TASK DIRECTIONS:
Nothing below is to be printed except the lines between the line holding "Molto bella. La" and the line holding "- ルスーク Le souk", inclusive, each exactly as it appears.

MATERIAL SUPPLIED:
^^^^
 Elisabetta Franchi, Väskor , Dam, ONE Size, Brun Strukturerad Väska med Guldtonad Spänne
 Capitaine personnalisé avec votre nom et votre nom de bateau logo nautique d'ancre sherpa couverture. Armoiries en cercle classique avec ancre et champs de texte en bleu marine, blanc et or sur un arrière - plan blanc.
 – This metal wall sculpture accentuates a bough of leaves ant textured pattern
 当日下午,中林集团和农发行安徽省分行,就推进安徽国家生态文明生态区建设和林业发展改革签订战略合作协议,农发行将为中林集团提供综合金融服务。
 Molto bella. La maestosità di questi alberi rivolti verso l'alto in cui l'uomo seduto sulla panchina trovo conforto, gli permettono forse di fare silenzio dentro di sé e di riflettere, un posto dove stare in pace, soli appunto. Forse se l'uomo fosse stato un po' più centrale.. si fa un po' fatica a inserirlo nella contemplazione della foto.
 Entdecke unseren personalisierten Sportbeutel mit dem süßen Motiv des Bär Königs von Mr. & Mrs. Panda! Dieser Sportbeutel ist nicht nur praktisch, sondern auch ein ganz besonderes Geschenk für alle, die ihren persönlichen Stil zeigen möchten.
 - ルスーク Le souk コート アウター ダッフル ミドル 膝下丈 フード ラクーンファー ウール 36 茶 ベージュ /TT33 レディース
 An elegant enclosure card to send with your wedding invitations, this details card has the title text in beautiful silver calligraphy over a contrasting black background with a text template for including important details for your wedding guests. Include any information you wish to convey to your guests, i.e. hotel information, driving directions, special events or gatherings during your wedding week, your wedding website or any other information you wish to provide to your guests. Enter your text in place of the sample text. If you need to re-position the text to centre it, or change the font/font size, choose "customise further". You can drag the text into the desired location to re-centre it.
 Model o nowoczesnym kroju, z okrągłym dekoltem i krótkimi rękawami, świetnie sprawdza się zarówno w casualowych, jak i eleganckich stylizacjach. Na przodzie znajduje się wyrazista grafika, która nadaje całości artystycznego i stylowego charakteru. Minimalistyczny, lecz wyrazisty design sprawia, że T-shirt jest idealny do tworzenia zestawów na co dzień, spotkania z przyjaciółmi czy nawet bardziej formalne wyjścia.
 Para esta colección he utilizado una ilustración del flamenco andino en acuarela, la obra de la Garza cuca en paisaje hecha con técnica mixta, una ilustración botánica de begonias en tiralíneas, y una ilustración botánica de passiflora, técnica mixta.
^^^^
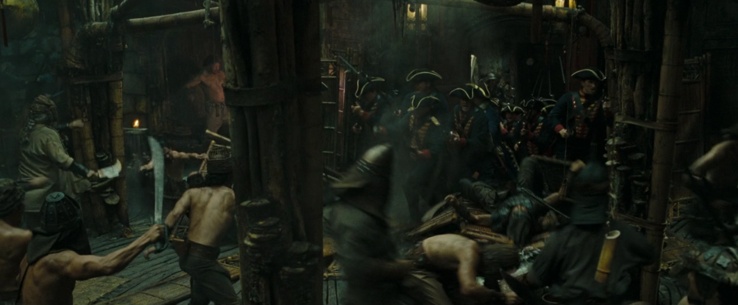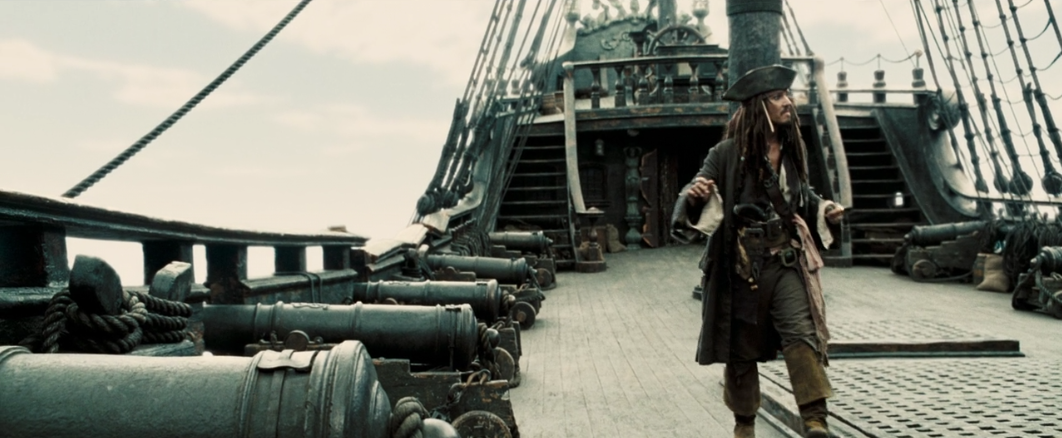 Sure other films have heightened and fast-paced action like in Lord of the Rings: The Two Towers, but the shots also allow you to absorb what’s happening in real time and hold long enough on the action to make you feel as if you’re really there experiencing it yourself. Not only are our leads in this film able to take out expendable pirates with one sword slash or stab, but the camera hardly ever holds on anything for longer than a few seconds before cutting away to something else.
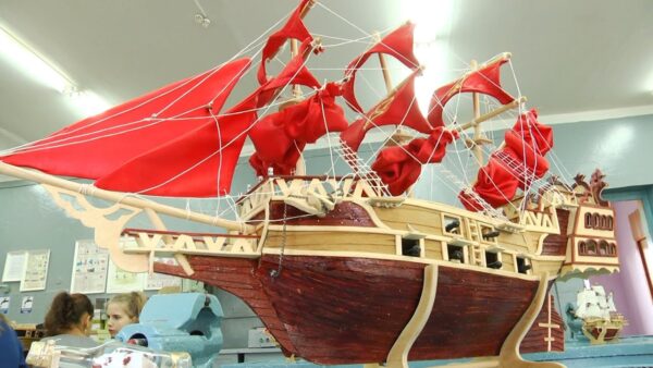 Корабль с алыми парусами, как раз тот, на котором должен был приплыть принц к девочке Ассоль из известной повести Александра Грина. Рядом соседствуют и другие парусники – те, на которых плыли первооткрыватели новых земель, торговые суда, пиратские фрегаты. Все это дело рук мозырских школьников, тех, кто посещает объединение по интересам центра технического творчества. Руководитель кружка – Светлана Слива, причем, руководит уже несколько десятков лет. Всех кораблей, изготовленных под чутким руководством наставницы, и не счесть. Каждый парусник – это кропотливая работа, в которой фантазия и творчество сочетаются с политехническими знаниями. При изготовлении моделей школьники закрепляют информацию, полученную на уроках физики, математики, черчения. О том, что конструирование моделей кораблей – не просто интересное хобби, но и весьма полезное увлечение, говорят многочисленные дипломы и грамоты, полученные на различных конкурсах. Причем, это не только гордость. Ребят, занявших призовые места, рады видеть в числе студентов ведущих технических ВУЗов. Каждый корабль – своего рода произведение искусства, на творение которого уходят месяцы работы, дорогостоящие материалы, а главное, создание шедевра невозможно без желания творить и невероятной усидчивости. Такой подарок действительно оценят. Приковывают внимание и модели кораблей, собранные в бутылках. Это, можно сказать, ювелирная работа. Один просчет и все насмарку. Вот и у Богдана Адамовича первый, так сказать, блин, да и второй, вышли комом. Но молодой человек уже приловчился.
^^^^
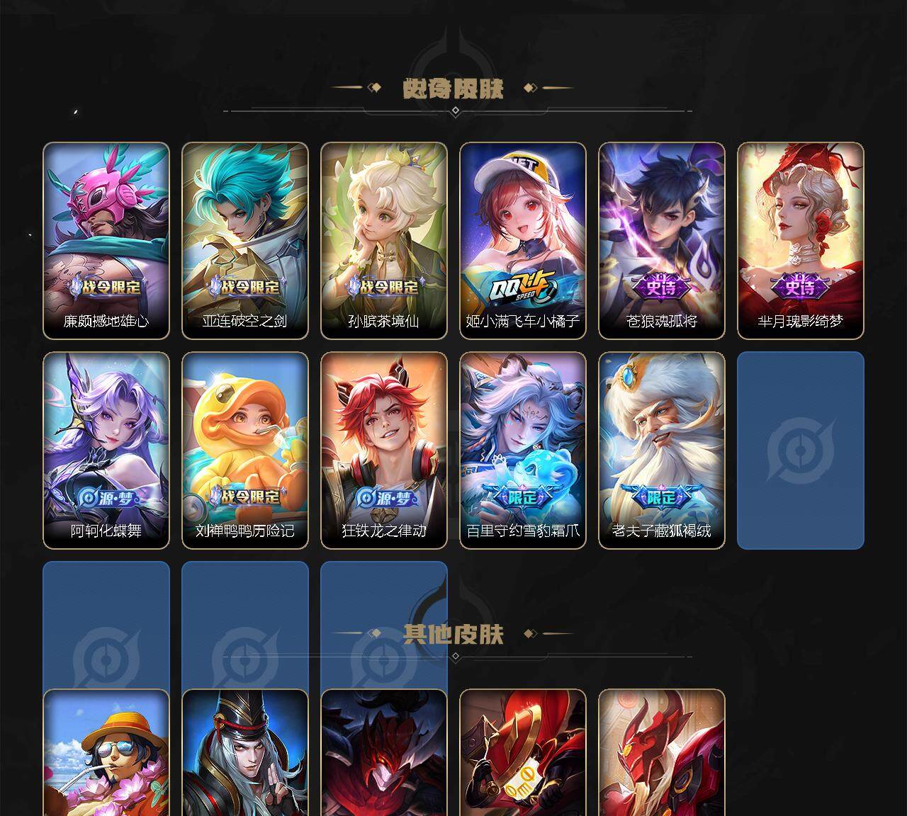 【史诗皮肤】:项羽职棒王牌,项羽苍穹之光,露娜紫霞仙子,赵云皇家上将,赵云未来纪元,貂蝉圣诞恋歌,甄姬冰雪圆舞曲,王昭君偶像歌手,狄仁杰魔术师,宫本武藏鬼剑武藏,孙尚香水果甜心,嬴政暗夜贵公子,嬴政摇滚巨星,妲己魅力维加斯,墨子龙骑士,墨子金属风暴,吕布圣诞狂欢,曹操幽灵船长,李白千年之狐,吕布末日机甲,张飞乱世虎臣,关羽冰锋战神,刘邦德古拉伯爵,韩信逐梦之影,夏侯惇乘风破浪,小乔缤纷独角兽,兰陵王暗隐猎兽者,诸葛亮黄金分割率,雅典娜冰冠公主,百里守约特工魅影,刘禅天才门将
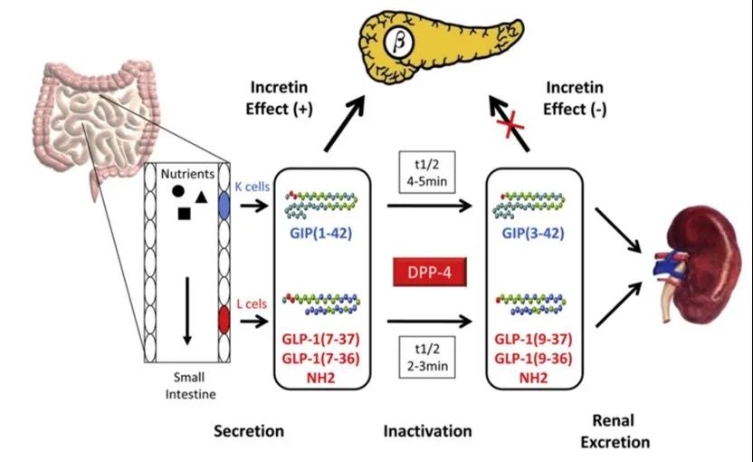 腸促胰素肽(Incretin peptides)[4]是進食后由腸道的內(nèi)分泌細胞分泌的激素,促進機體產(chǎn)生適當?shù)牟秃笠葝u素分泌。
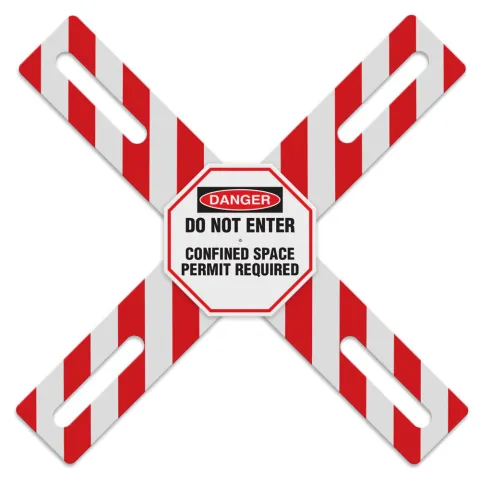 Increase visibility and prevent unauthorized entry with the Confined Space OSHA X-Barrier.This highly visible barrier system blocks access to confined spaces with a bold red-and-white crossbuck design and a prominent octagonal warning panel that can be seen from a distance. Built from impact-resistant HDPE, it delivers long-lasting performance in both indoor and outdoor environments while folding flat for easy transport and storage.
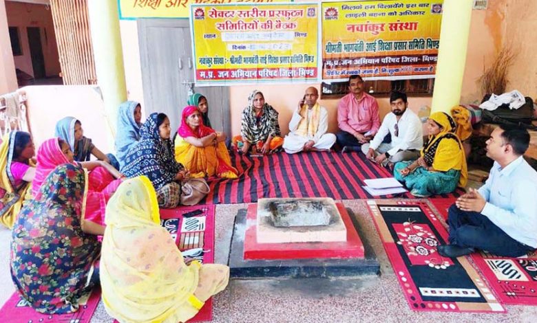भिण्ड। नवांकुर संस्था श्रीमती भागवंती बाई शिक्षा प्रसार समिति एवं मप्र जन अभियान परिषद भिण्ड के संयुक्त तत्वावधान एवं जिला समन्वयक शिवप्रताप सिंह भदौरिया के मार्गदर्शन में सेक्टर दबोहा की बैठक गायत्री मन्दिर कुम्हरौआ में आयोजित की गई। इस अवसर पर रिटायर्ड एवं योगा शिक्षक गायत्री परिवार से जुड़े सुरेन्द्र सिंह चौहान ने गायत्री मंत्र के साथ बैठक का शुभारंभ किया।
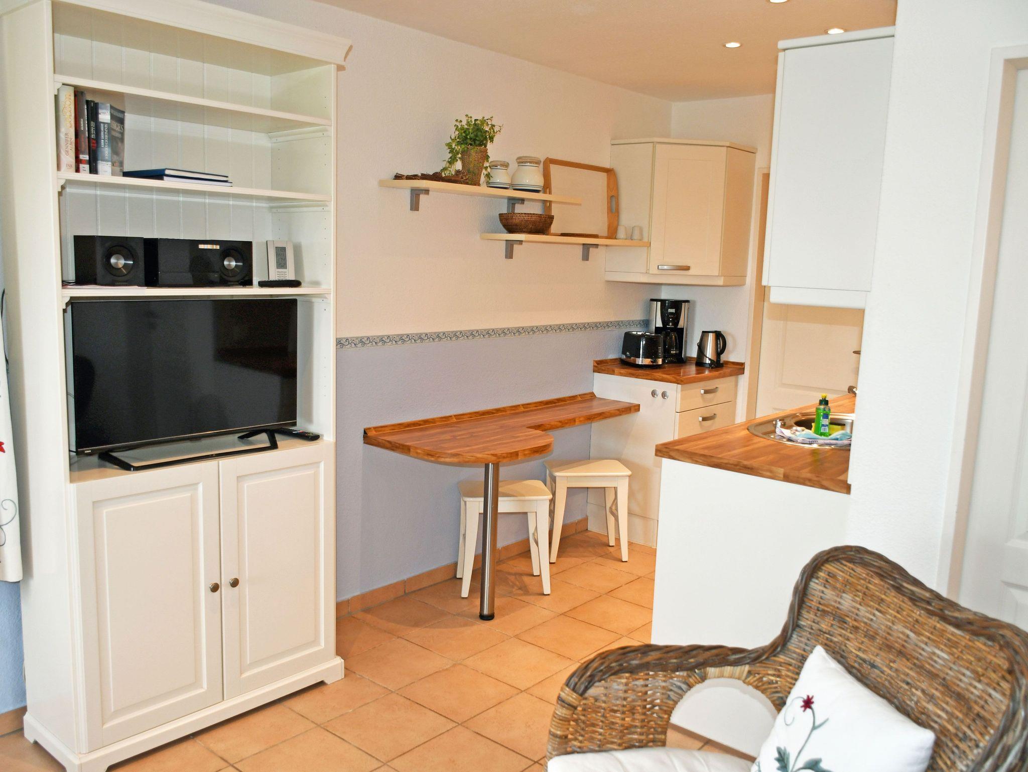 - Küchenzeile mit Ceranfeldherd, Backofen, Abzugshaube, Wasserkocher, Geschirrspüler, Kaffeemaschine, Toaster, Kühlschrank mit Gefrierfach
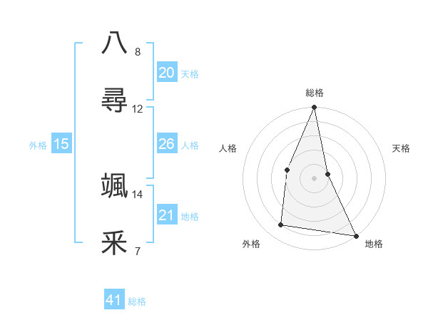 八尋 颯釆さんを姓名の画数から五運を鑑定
^^^^
ANSWER TO THIS TASK:
 Molto bella. La maestosità di questi alberi rivolti verso l'alto in cui l'uomo seduto sulla panchina trovo conforto, gli permettono forse di fare silenzio dentro di sé e di riflettere, un posto dove stare in pace, soli appunto. Forse se l'uomo fosse stato un po' più centrale.. si fa un po' fatica a inserirlo nella contemplazione della foto.
 Entdecke unseren personalisierten Sportbeutel mit dem süßen Motiv des Bär Königs von Mr. & Mrs. Panda! Dieser Sportbeutel ist nicht nur praktisch, sondern auch ein ganz besonderes Geschenk für alle, die ihren persönlichen Stil zeigen möchten.
 - ルスーク Le souk コート アウター ダッフル ミドル 膝下丈 フード ラクーンファー ウール 36 茶 ベージュ /TT33 レディース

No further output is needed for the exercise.